The Federal Reserve will release minutes from the latest meeting at 7pm (UK time). The update will give us a better idea as to what the US central bank are thinking. Interest rates were kept on hold, earlier this month, but the language of statement that followed was distinctively more hawkish. The central bank confirmed that ‘economic activity has been rising at a strong rate’ and that business fixed investment along with consumer spending had ‘grown strongly’. Traders are widely expecting the Fed to hike rates next month, and tonight’s minutes could be seen as a stepping stone.

The US existing homes sales report will be announced at 3pm (UK time) and economists are expecting 5.4 million, and that would be a slight improvement on the 5.38 million that was registered in June.  

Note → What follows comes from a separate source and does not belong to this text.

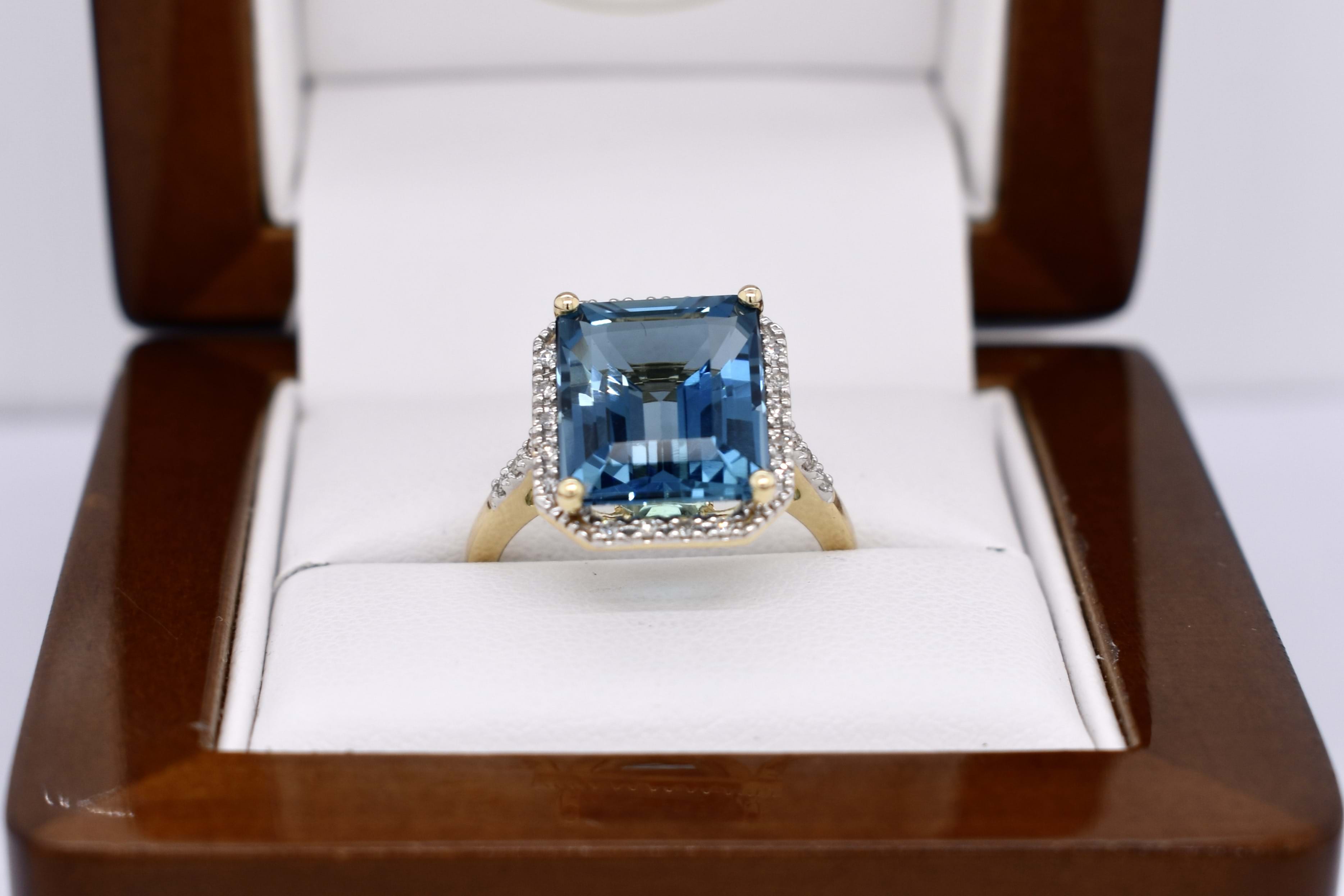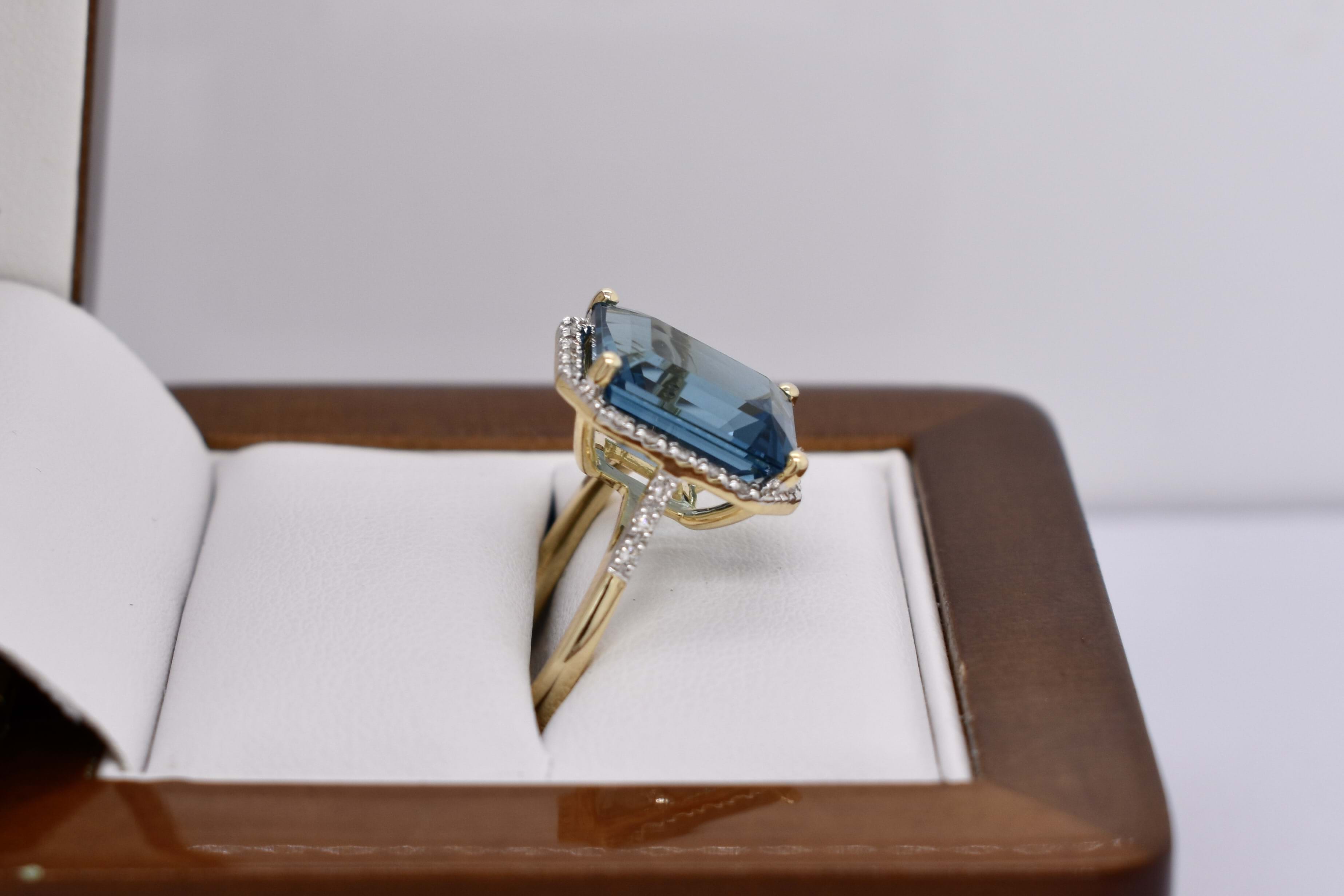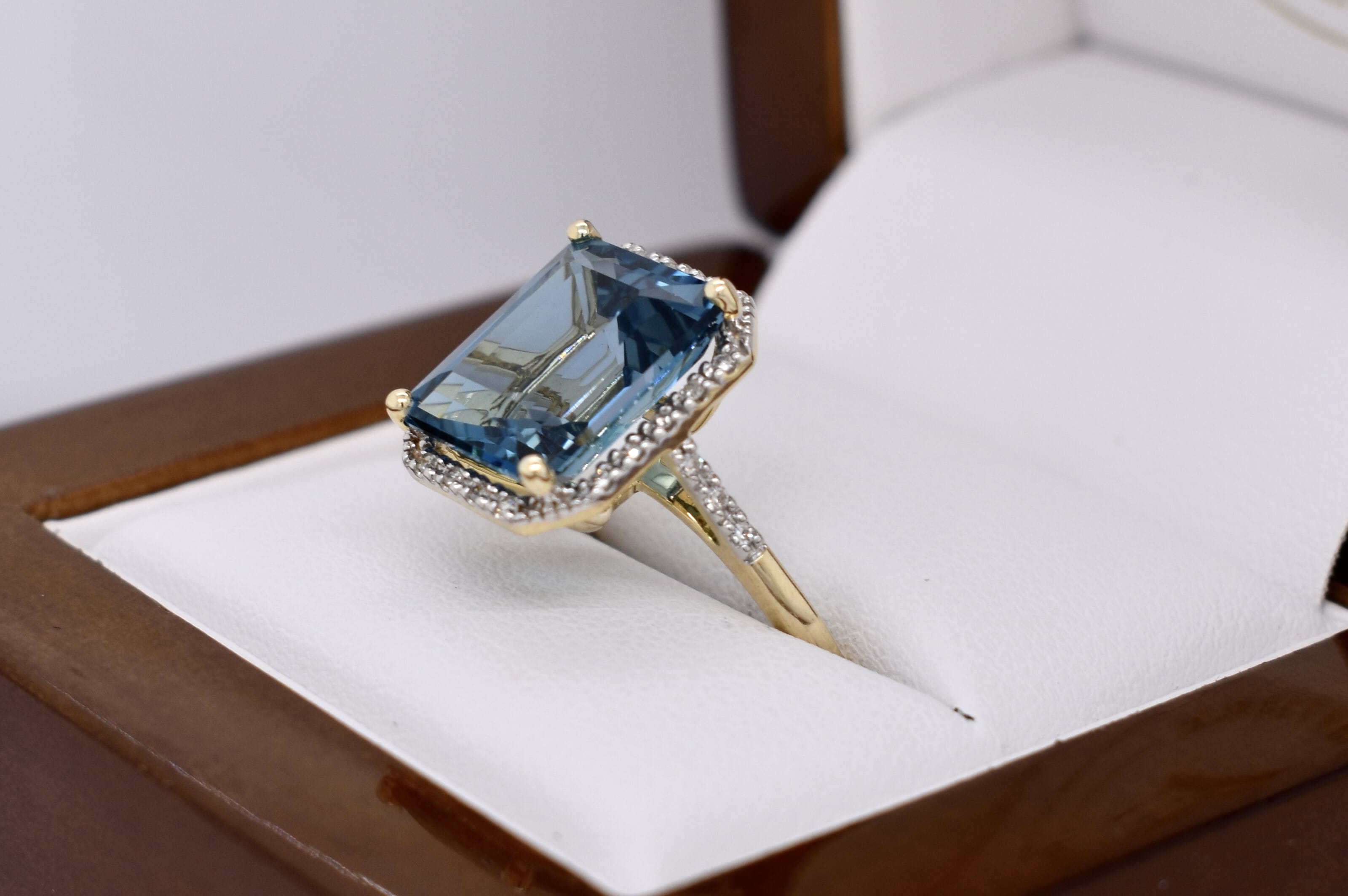 This pretty 9ct yellow gold ring, features an emerald cut London Blue Topaz, measuring 12.1x10.1mm, four claw set with a halo of round brilliant cut diamonds which continue down the shoulders. Total diamond weight of 0.12ct. Finger size N.

At 3.30pm (UK time) the Energy Information Administration will release the latest oil inventory figures and the consensus estimate is for a 1.5 million barrel drop, and that would compare with last week’s jump of 6.8 million barrels. The American Petroleum Institute released their latest report last night, and oil inventories fell by 5.77 million barrels and the gasoline stockpiles declined by 930,000 barrels.  

EUR/USD – now that it has broken above the 1.1500 region, we could see further gains, and resistance might be found at 1.1615 – 50-day moving average. If the wider negative trend continues, support might be found at 1.1287 or 1.1156.

GBP/USD – has been in a downtrend since April, and if the bearish move continues it could target 1.2590. Pullbacks might run into resistance in the 1.2957 to 1.3000 region.       

EUR/GBP – has been pushing higher since April and if the bullish run continues it could target 0.9050. A move lower might find support at 0.8900 or 0.8844. 

USD/JPY – the upward trend that began in March is still intact, and if the positive move continues it might target 112.15. Support might be found at 109.86 – the 200-day moving average.